**Exercise objective:** Take from the entries below the stretch from the line with "1238 Roman Provincial" through the line with "Figure 5: Museum", and return it exactly, leaving the pictures out.

**Data for the task:**
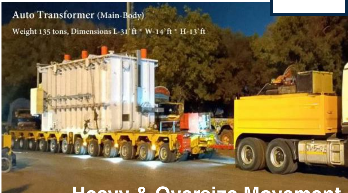
Auto Transformer (Main-Body)

Weight 135 tons, Dimensions L-31' ft * W-14' ft * H-13' ft
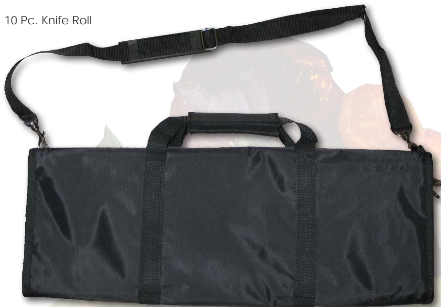
10 Pc. Knife Roll
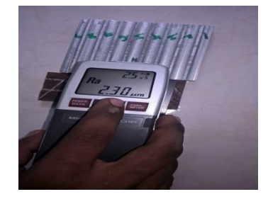
Figure 4: Surface roughness tester (Talysurf)

(An ISO 3297: 2007 Certified Organization) Website: <u>www.ijirset.com</u> Vol. 6, Issue 2, February 2017
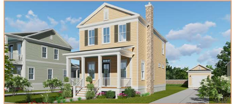
OPTIONAL BRICK FIREPLACE
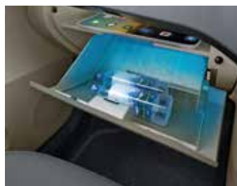
COOLED GLOVE BOX
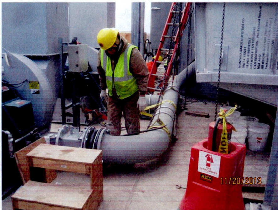
Exhaust blower piping installation (looking S)
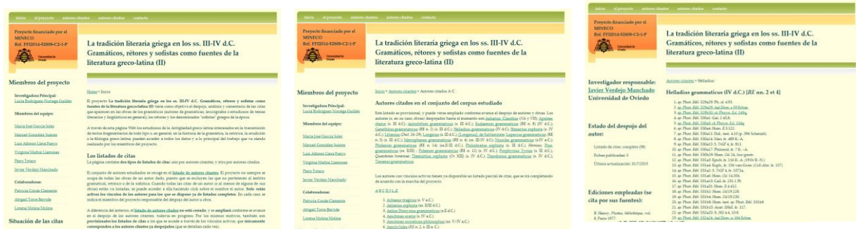
Figure 1. The Project web site.
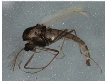
BIOUG05505-F01 [Lateral] Chironomidae
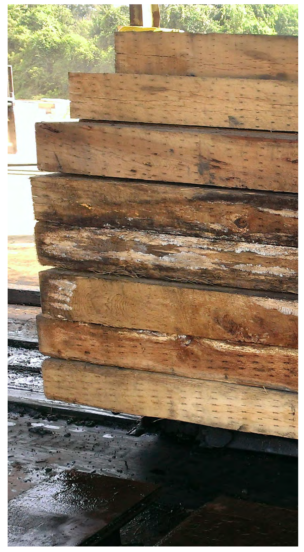
FIGURE 8. Stack burned (partially rotten) ties going into the treatment cylinder. These ties have lost some of their potential for excellent service and this loss cannot be recovered.

Under proper drying conditions (German stacked or stickered), normal drying times for the Southeast are five months for mixed hardwoods and nine to 10 months for oaks and hickories. The time periods are shorter in the Southwest. But note that "air dried" ties are considered dry at 40-50 percent moisture content. At these levels of moisture content, ties are still in an ideal condition for internal decay; therefore, final creosote or copper naphthenate treatment should not be delayed (i.e., do not "overdry" the ties).
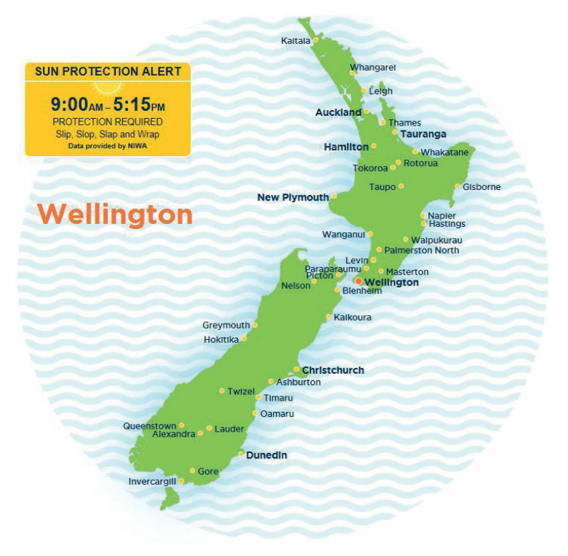
FIGURE 3: Sun protection alert

UV radiation levels can vary significantly across seasons, and throughout the day. Without a tool (such as uv2Day ) that shows the levels of UV radiation, workers cannot tell what the UVI will be at any time or place.
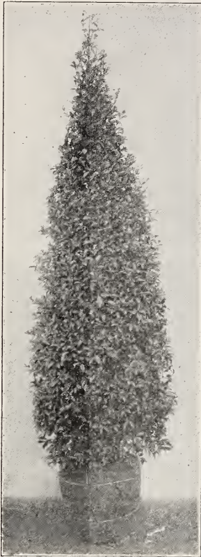
EUGENIA MYRTIFOLIA PYRAMID
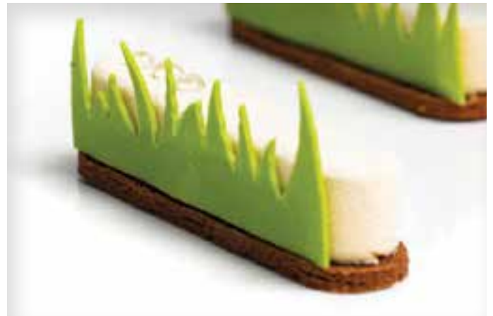
Kaffir Lime Bavarian Log
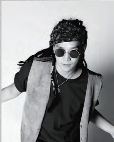
舞者(香港) Dancer (Hong Kong)
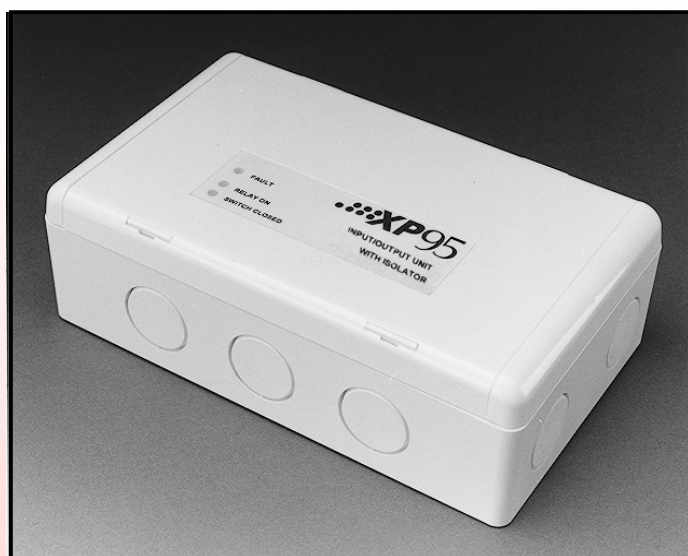
Part no 55000-847 (surface mount)

The control equipment transmits a 10-bit message to the Input/Output Unit:
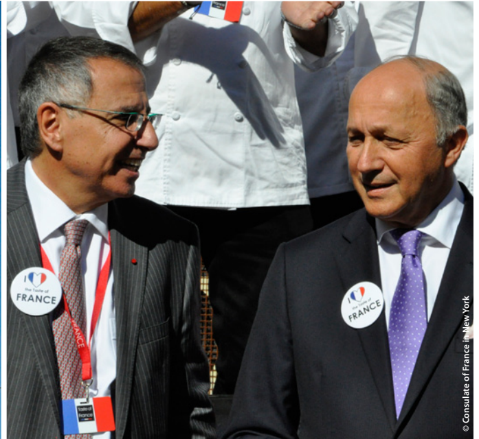
© Consulate of France in New York
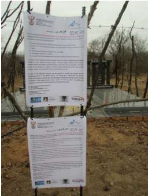
Site 25 close-up
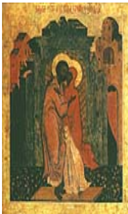
Conception of The Theotokos December 09
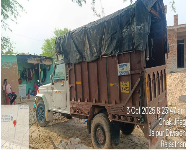
3 Oct 2025 8:23:47 am Chak Jhag Jaipur Division Rajasthan

Surveyor & Loss Assessor (SLA / 65869 Valid up to 27-09-27)
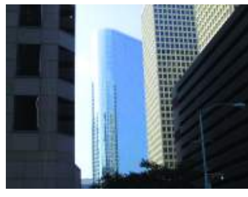
4 Allen Center Houston, TX
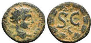
1238 Roman Provincial Coin AE 5,52 g - 18,47 mm
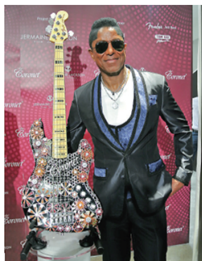
Fig. 3 The World's Most Jewels on a Guitar, Guinness World Record 2016 健力士世界紀錄2016：鑲嵌最多寶石的結他
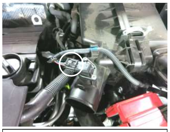
f. Unplug the electrical connector from the mass air sensor.

i. Remove the factory J-hook on the front side of the battery tie down. Push the battery toward the back of the vehicle. The nut will be re-used in step 3a.
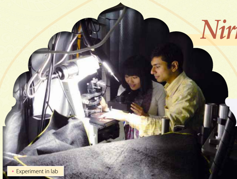
• Experiment in lab
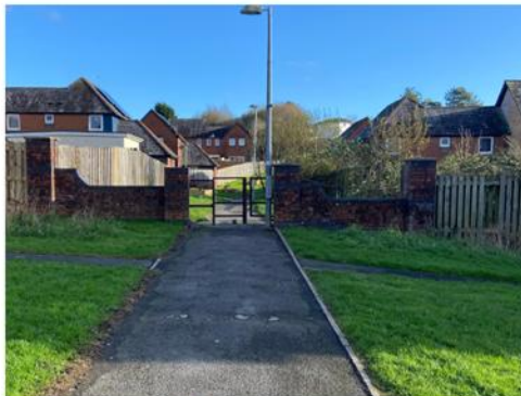
View 2 - Before
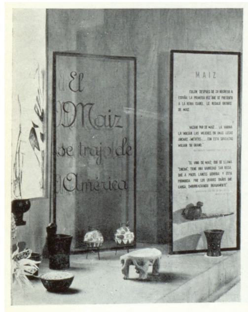
Figure 5: Museum of the Americas, Madrid. Two of the dioramas in Room XI: “Institutions”. Translation of the texts: First diorama “España brought wheat to the Americas”. Second diorama “Maize was brought from the Americas”. Taken from Fernández Vega, P. (1965). Guía del Museo de América , Madrid, Ministerio de Educación Nacional, Dirección General de Bellas Artes.
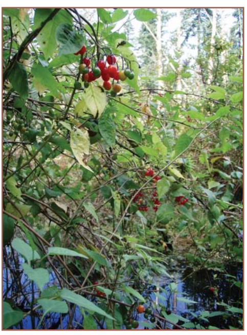
Grows in a wide range of conditions, from dry to wet soils and full sun to moderate shade.
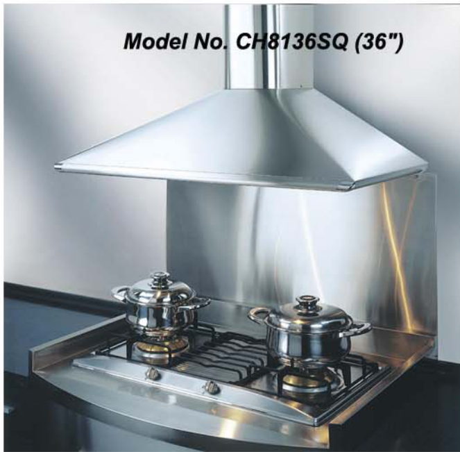
Model No. CH8136SQ (36")
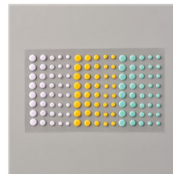
Playing With Patterns Resin Dots - 152467
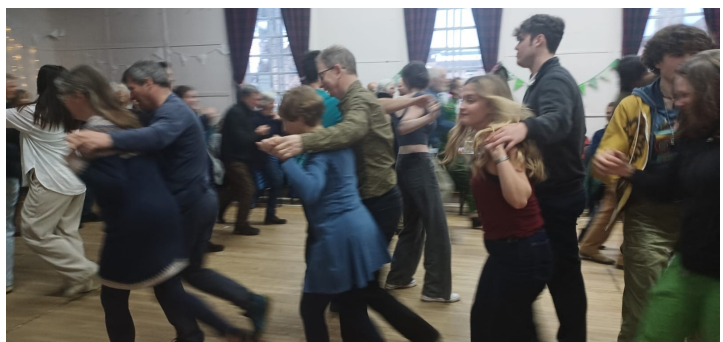
Roll on next year....
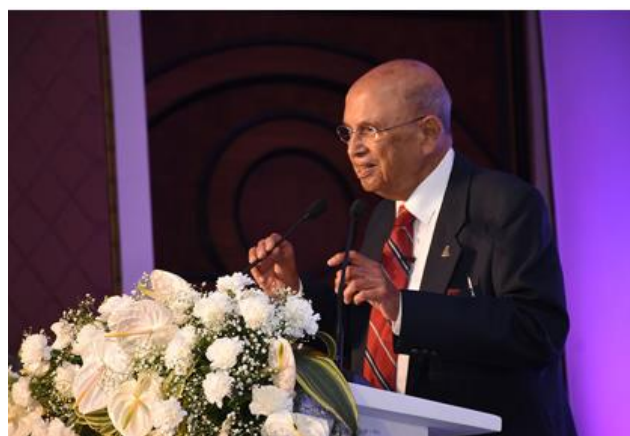
Pic 10: Delivering the oration at APSI meeting.
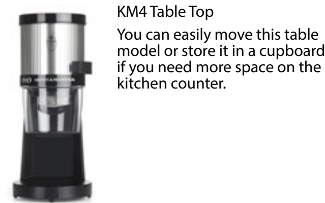
KM4 Table Top You can easily move this table model or store it in a cupboard if you need more space on the kitchen counter.
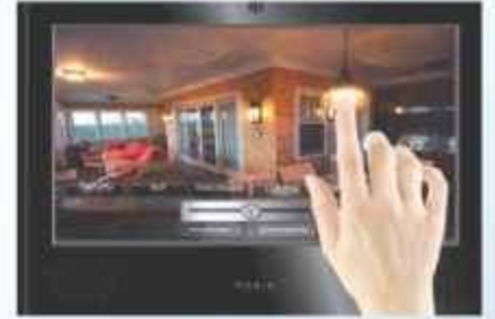
German Home Automation System
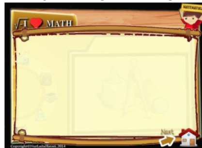
Capture 2. Design of information on interactive multimedia learning CD package
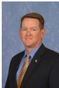
Michael Teague, Mayor

"The City of Edgewood businesses are compatible with immediately adjacent residential areas, while addressing the Community Master Plan issues of Urban Design Standards for the Commercial District."

**Answer section:**
1238 Roman Provincial Coin AE 5,52 g - 18,47 mm
Fig. 3 The World's Most Jewels on a Guitar, Guinness World Record 2016 健力士世界紀錄2016：鑲嵌最多寶石的結他
f. Unplug the electrical connector from the mass air sensor.

i. Remove the factory J-hook on the front side of the battery tie down. Push the battery toward the back of the vehicle. The nut will be re-used in step 3a.
• Experiment in lab
View 2 - Before
Figure 5: Museum of the Americas, Madrid. Two of the dioramas in Room XI: “Institutions”. Translation of the texts: First diorama “España brought wheat to the Americas”. Second diorama “Maize was brought from the Americas”. Taken from Fernández Vega, P. (1965). Guía del Museo de América , Madrid, Ministerio de Educación Nacional, Dirección General de Bellas Artes.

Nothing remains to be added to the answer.